Dans leur approche, les physiciens se sont concentrés sur des assemblages simples et faciles à observer, formés de quelques atomes ou particules liés entre eux par des interactions attractives et étalés en une monocouche sur un substrat thermalisé. Ces assemblages appelés clusters bidimensionnels et leurs réarrangements spontanés dus à l’agitation thermique sont couramment observés dans de nombreux domaines de recherche : par exemple avec des atomes métalliques (taille de l’ordre du dixième de nanomètre), des nanoparticules (taille de quelques nanomètres à quelques dizaines de nanomètres comme les fullerènes), ou encore des colloïdes (de taille micrométrique comme les pollens). Une des originalités de l’étude repose sur le fait d’avoir croisé des domaines scientifiques a priori peu connectés. En effet, afin de trouver la stratégie optimale pour guider les nano-objets vers une forme arbitrairement choisie, les auteurs ont couplé la physique statistique hors équilibre à des outils de simulation numérique basés sur la programmation dynamique. Celle-ci, largement utilisée en ingénierie et en mathématiques appliquées, permet de résoudre des problèmes d’optimisation très variés, incluant par exemple la gestion de barrages dans les réseaux hydrologiques ou l’analyse des marchés financiers. Dans le cas présent, la programmation dynamique a permis aux chercheurs de réduire de plusieurs ordres de grandeur le temps moyen nécessaire pour atteindre une forme présélectionnée, particulièrement dans les cas d’intérêt quand la température est basse et le cluster suffisamment gros (typiquement une douzaine de particules).
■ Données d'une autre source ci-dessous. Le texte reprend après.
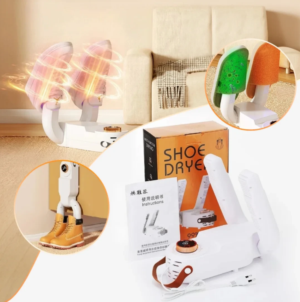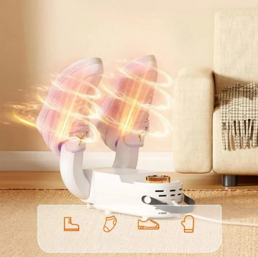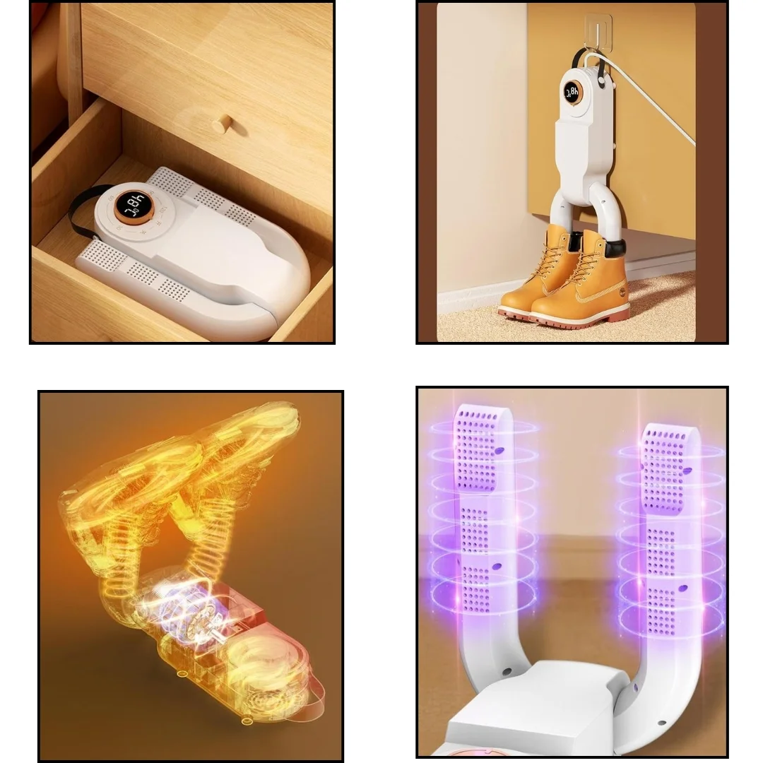 هذا المجفف قابل للطي وهو الحل المثالي للتخلص من الرطوبة والروائح الكريهة في أحذيتك بسرعة وفعالية، حيث يوفر نظام تهوية 360 درجة وتجفيفاً فعالاً وتعقيماً بالأشعة الفوق بنفسجية لجميع أنواع الأحذية.
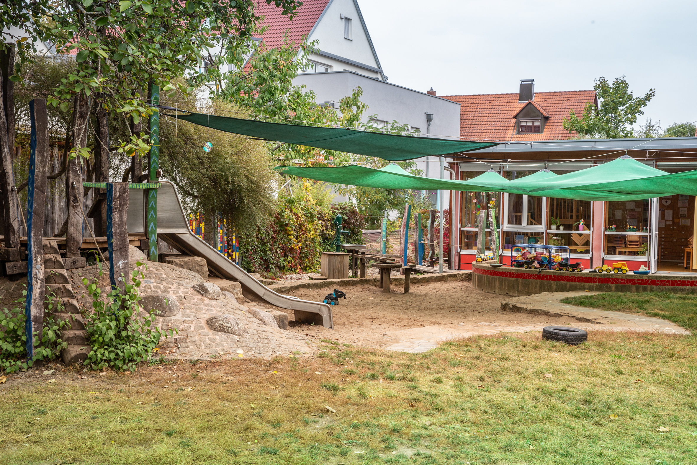 Der dreigruppige Kindergarten liegt am Rande des Stadtteiles Zerzabelshof in einem verkehrsberuhigten Neubaugebiet. In der Einrichtung werden 75 Kinder im Alter von drei Jahren bis zum Schuleintritt von sieben pädagogischen Fachkräften betreut, gebildet und gefördert. Durch unsere zentrale Lage können wir viele kulturelle und Freizeitangebote nutzen.
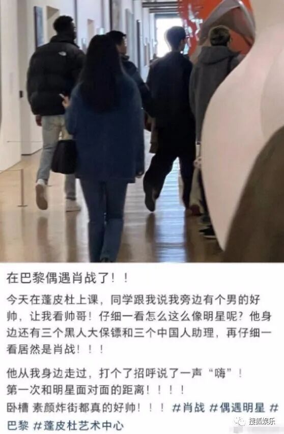 還有網友在蓬皮杜藝術中心偶遇肖戰,他身穿深色大衣搭黑框眼鏡,正在看展。
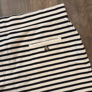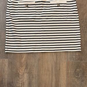 J. Crew Women’s M Black Cream Striped Pencil Mini Skirt Button Pocket Elastic
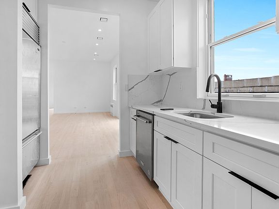 There are 2 more generously sized bedrooms and 1 fully renovated marble bathroom. There are Incredible details abound, including high ceilings, beautiful hardwood floors, new noise-reducing windows with so much natural light throughout the entire home. There are an abundance of custom built-ins and closets in every room and hallway. The rear wing also features a Full sized Washer and Dryer as well as central AC and Heat throughout the entire home!
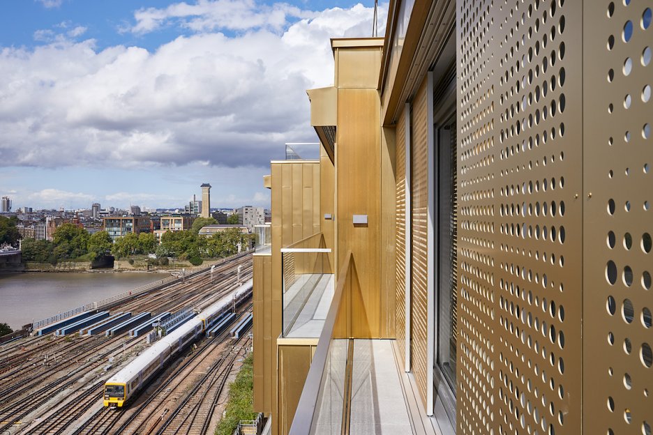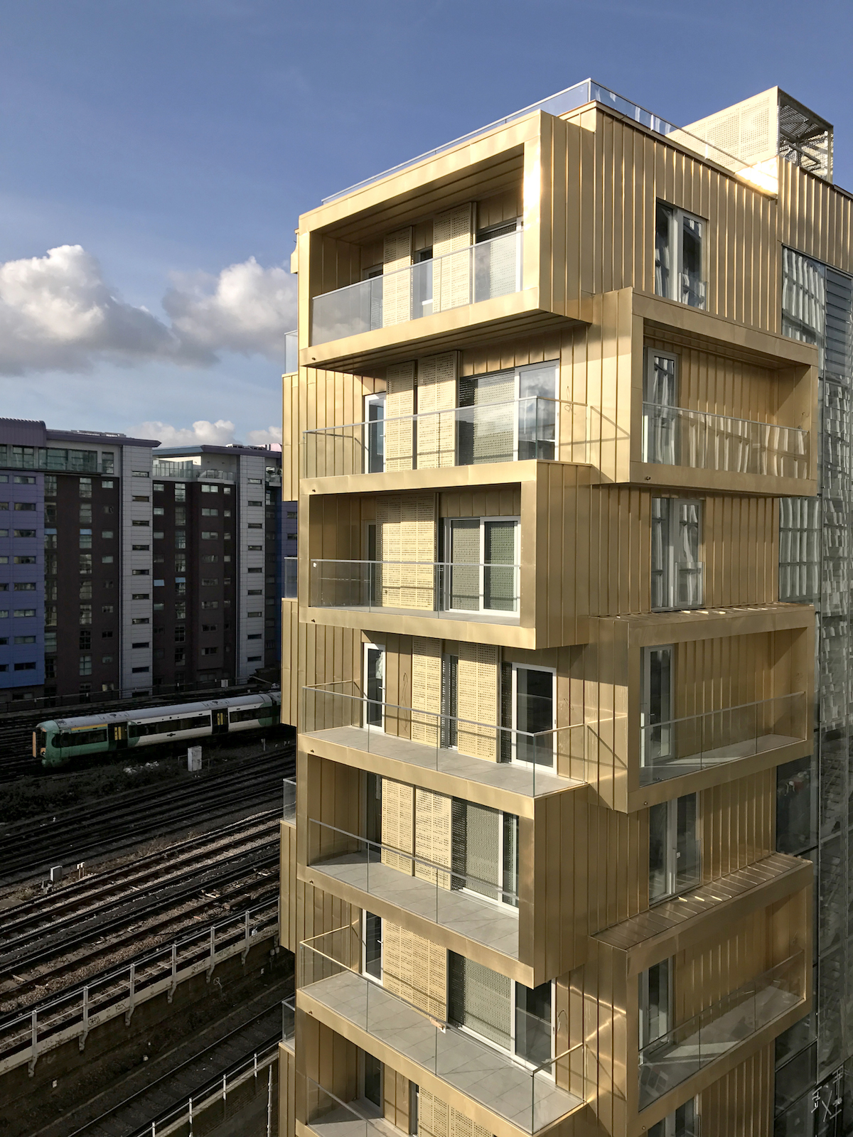 Obrys objektu a usporiadanie bytov sleduje v pôdoryse jemnú krivku železničnej trate. Geometriu meďou obložených boxov je najlepšie vnímať z vlaku, pomaly smerujúceho na stanicu Victoria. Členitá fasáda sa najprv javí ako neusporiadaná hradba. Postupne však odhaľuje racionálne presklené fasády bytov, zoradené vedľa seba v pravidelných pásoch.
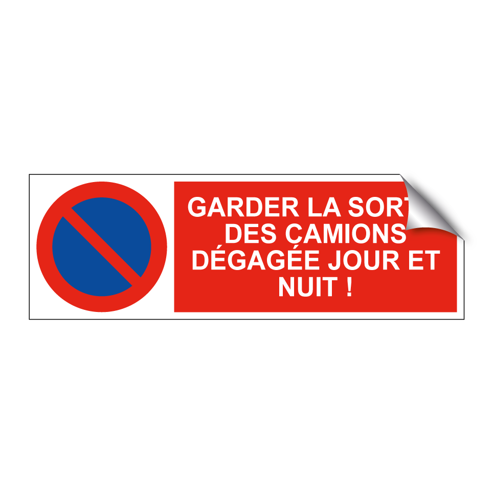 Panneau d'interdiction de stationner avec le texte : "Garder la sortie des camions dégagée jour et nuit !" et une symbolique claire.
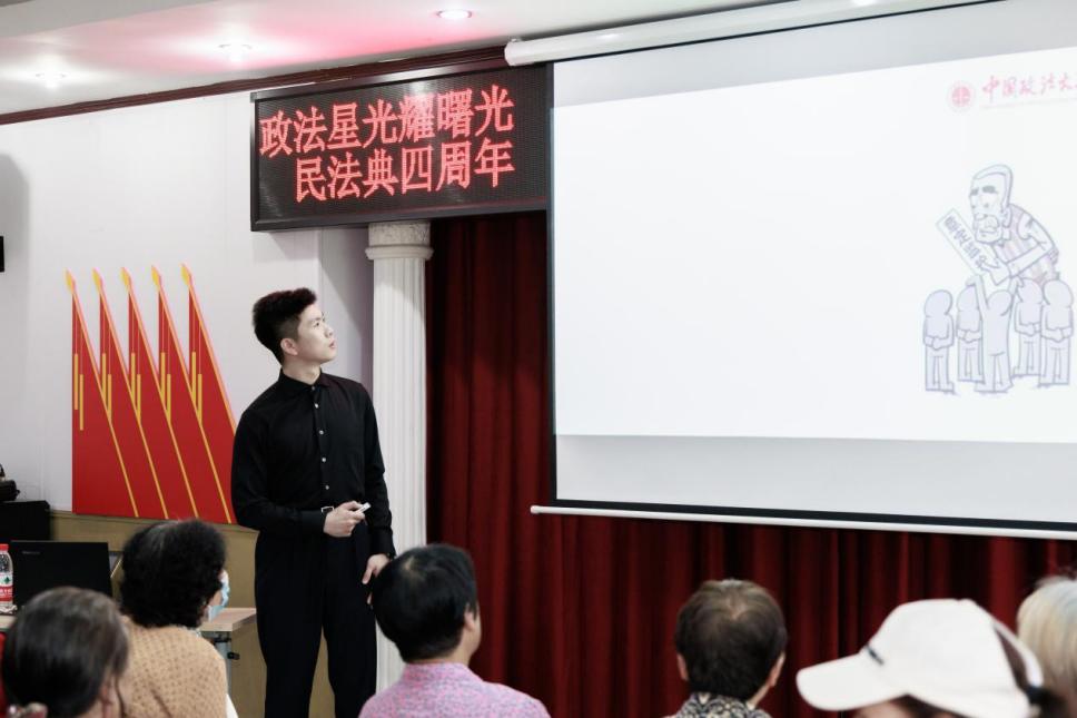 法大民商經(jīng)濟法學(xué)院民商法學(xué)專業(yè)碩士研究生顏鄭濤同學(xué)以“民法典中的老年人權(quán)益保護”為主題,為社區(qū)居民代表講述了民法典中與老年人切身利益密切相關(guān)的內(nèi)容。
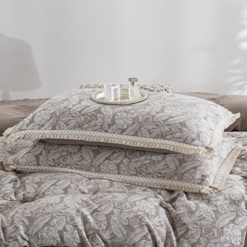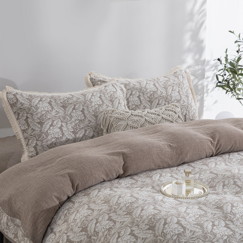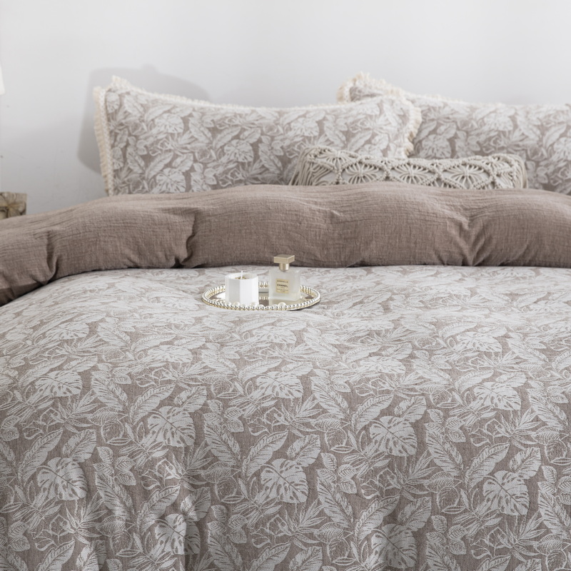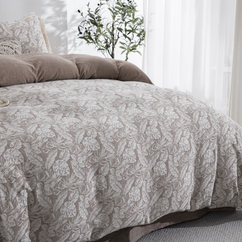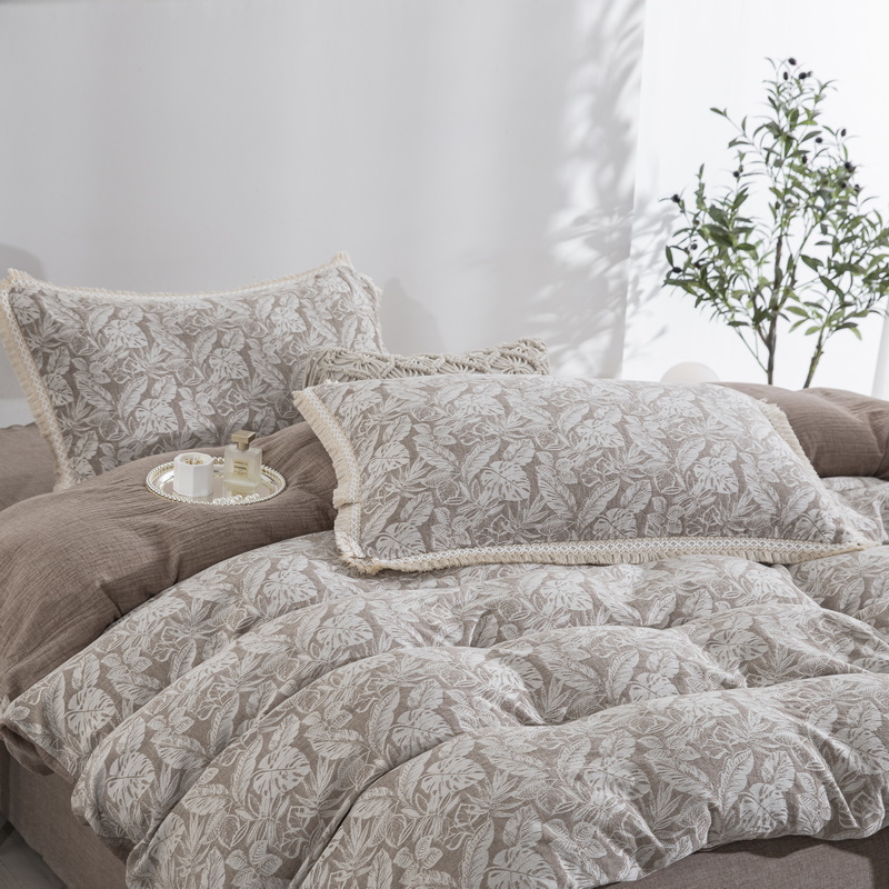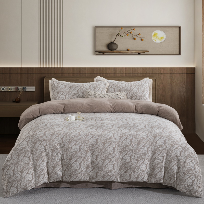 鲁爱家纺供货 2025新款AB版棉麻工艺款四件套 龟背竹-咖
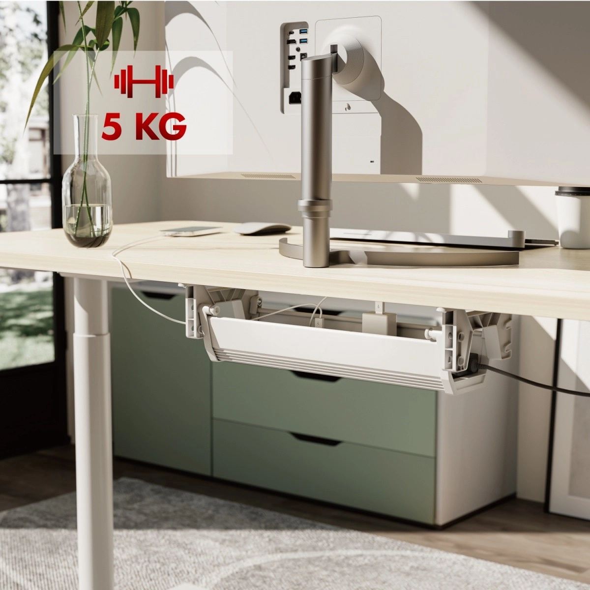 Maclean MC-106W est une solution pratique pour acheminer discrètement le câblage sous le plateau d’un bureau au bureau, à la maison ou en coworking. Grâce à sa conception ouverte et bien pensée, vous organisez facilement rallonges, alimentations et câbles de données, éliminant le désordre et le risque de trébucher.
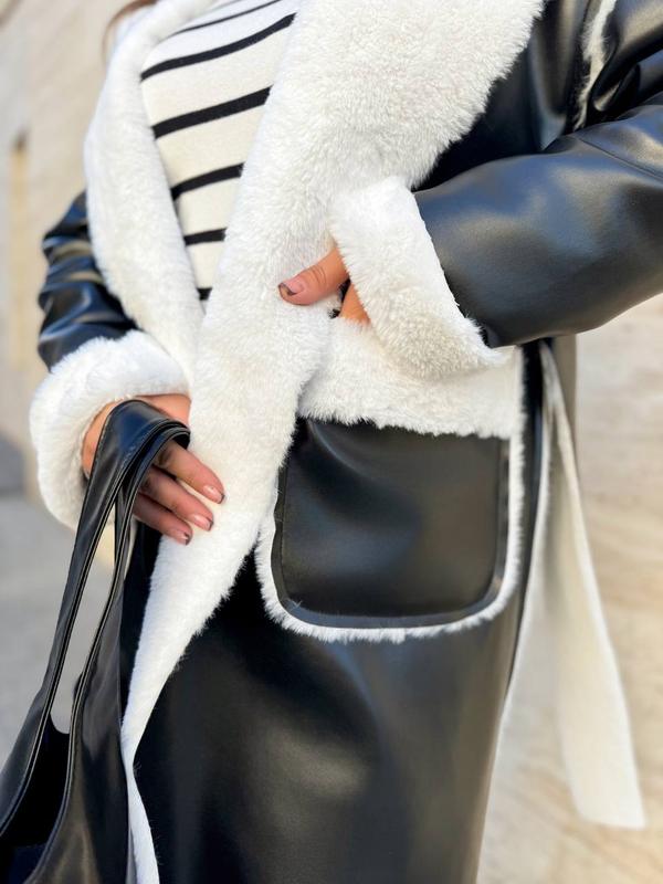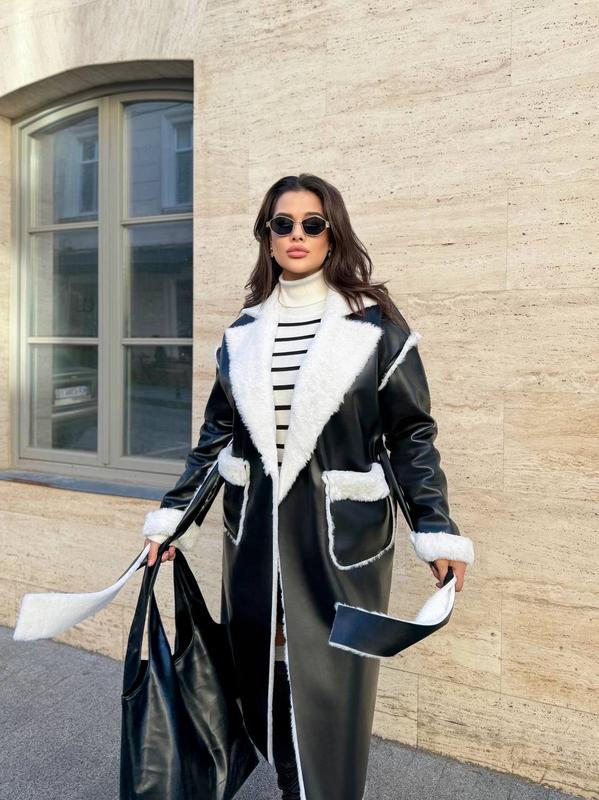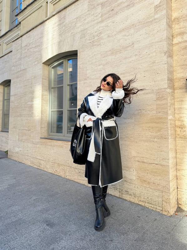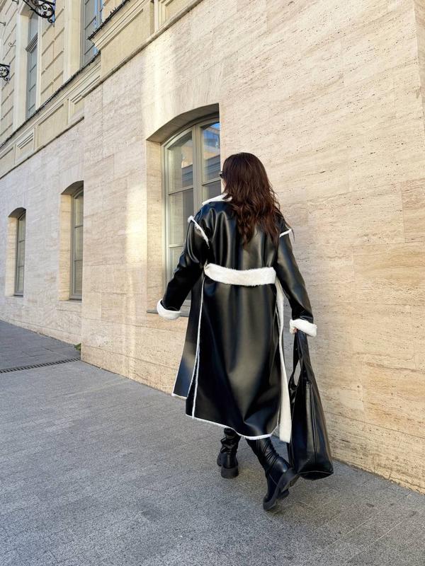 Модель на запах без застібок фіксується за допомогою пояса. Виготовлена з дублянки: экокожа Гарної якості, штучне кроляче хутро. Дуже тепла. Тренд цього сезону, гріє та прикрашає , непромокає. Рукава з підворотами , якими. регулюється довжина від 70-55 см (від плеча). Довжина виробу 115 см.

À l’heure où les nanotechnologies sont de plus en plus utilisées dans l’industrie, ces travaux pourraient aider à la conception d'objets de taille nanométrique, une échelle où manipuler la matière est délicat, et ouvrir ainsi la voie à des applications concrètes.
Référence
Controlling the shape of small clusters with and without macroscopic fields
F. Boccardo, O. Pierre-Louis, Phys. Rev. Lett., 128, 256102 – Publié le 22 June 2022.